■ **Exercise goal**: Please copy the records below word for word, leaving out the pictures.

Stored items from a collection:
· · · · · · ·

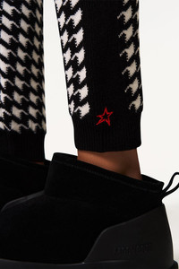DETAILS AND INSIGHT Perfect Moment houndstooth legging in black/snow white. 100% Extra-Fine Baby Merino Wool Hand Wash Cold Imported Style W3001264-2291
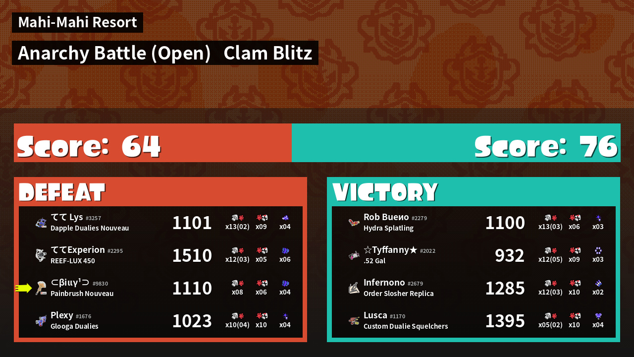 | Mode | Clam Blitz - Anarchy Battle (Open) | ||
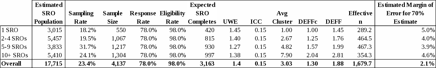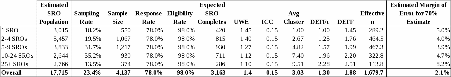 Table 8 shows these rates and expected sample sizes across strata using a starting sample of 4,137 SROs. This starting sample size is expected to yield 3,163 completed SRO questionnaires.
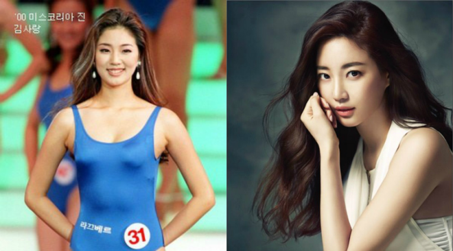 Cựu Hoa hậu Kim Sarang thời mới đăng quang vẫn còn chút thô với đường chân mày cứng ngắc hay tô son, kẻ mắt thật đậm. Còn cô của ngày hôm nay thì đẹp xuất sắc với phong cách makeup trong veo, tự nhiên mà không hề nhạt nhòa.
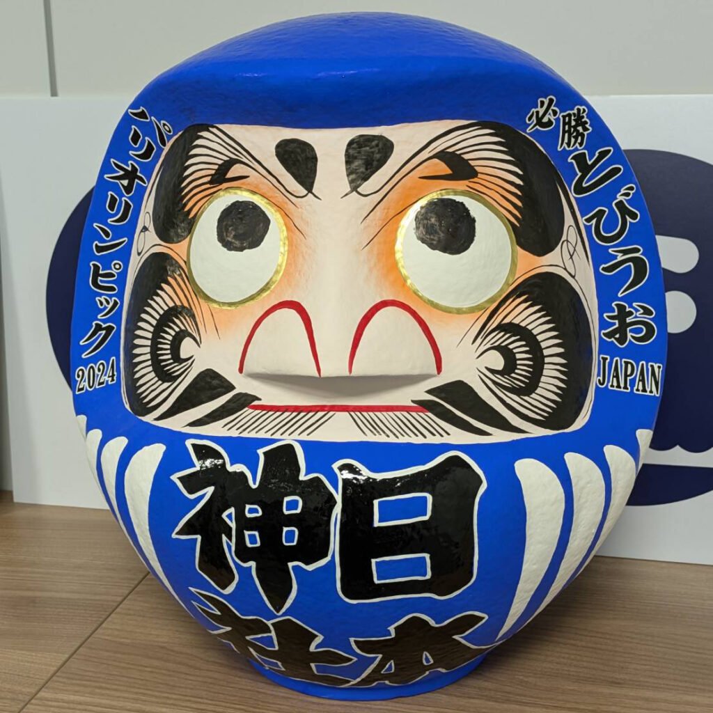 その日本神社さまより、2012年のロンドン五輪からリオデジャネイロ五輪、東京五輪と続き、今年のパリ五輪でも必勝祈願の青だるまをいただきました。
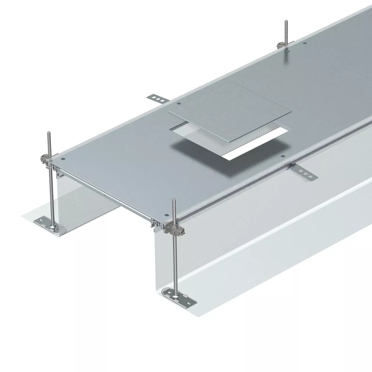 Gotowa do montażu jednostka kanału do prowadzenia przewodów z 3 lub 6 pokrywami, do montażu kasety zasilającej rozm. znam. 4, składająca się z dwóch elastycznych profili bocznych z metalowej siatki, profili nakładanych wykładziny podłogowej o grubości 4 mm. W komplecie znajduje się 6 kątowników mocujących o regulowanej wysokości, 6 kotw do jastrychu i 3 uszczelki stykowe pokrywy (dla szerokości znamionowych kanałów 200 i 300) lub 3 wsporniki stykowe pokrywy dla szerokości znamionowej kanału 400 i 6 dla szerokości znamionowych kanałów 500 i 600. Konieczne elementy niwelujące (należy przestrzegać wysokości regulacji) do wspornika pokrywy 400, 500 i 600 nie wchodzą w zakres dostawy, i należy je zamawiać osobno. Pokrywa kanału do szerokości znamionowej 400 jest przykręcona śrubami.
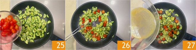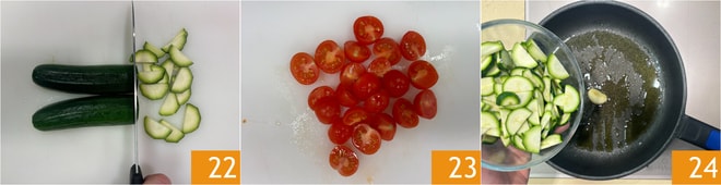 Schneiden Sie die Zucchini in Halbmonde 22 und die Kirschtomaten in Hälften 23. Geben Sie einen Schuss Öl in eine Pfanne, fügen Sie eine Knoblauchzehe hinzu und braten Sie sie einige Minuten lang an, dann geben Sie die Zucchini 24 hinzu und braten sie einige Minuten lang, bis sie goldbraun werden.

· · · · · · ·

■ **Response for this exercise**:
DETAILS AND INSIGHT Perfect Moment houndstooth legging in black/snow white. 100% Extra-Fine Baby Merino Wool Hand Wash Cold Imported Style W3001264-2291
 | Mode | Clam Blitz - Anarchy Battle (Open) | ||
 Table 8 shows these rates and expected sample sizes across strata using a starting sample of 4,137 SROs. This starting sample size is expected to yield 3,163 completed SRO questionnaires.
 Cựu Hoa hậu Kim Sarang thời mới đăng quang vẫn còn chút thô với đường chân mày cứng ngắc hay tô son, kẻ mắt thật đậm. Còn cô của ngày hôm nay thì đẹp xuất sắc với phong cách makeup trong veo, tự nhiên mà không hề nhạt nhòa.
 その日本神社さまより、2012年のロンドン五輪からリオデジャネイロ五輪、東京五輪と続き、今年のパリ五輪でも必勝祈願の青だるまをいただきました。
 Gotowa do montażu jednostka kanału do prowadzenia przewodów z 3 lub 6 pokrywami, do montażu kasety zasilającej rozm. znam. 4, składająca się z dwóch elastycznych profili bocznych z metalowej siatki, profili nakładanych wykładziny podłogowej o grubości 4 mm. W komplecie znajduje się 6 kątowników mocujących o regulowanej wysokości, 6 kotw do jastrychu i 3 uszczelki stykowe pokrywy (dla szerokości znamionowych kanałów 200 i 300) lub 3 wsporniki stykowe pokrywy dla szerokości znamionowej kanału 400 i 6 dla szerokości znamionowych kanałów 500 i 600. Konieczne elementy niwelujące (należy przestrzegać wysokości regulacji) do wspornika pokrywy 400, 500 i 600 nie wchodzą w zakres dostawy, i należy je zamawiać osobno. Pokrywa kanału do szerokości znamionowej 400 jest przykręcona śrubami.
 Schneiden Sie die Zucchini in Halbmonde 22 und die Kirschtomaten in Hälften 23. Geben Sie einen Schuss Öl in eine Pfanne, fügen Sie eine Knoblauchzehe hinzu und braten Sie sie einige Minuten lang an, dann geben Sie die Zucchini 24 hinzu und braten sie einige Minuten lang, bis sie goldbraun werden.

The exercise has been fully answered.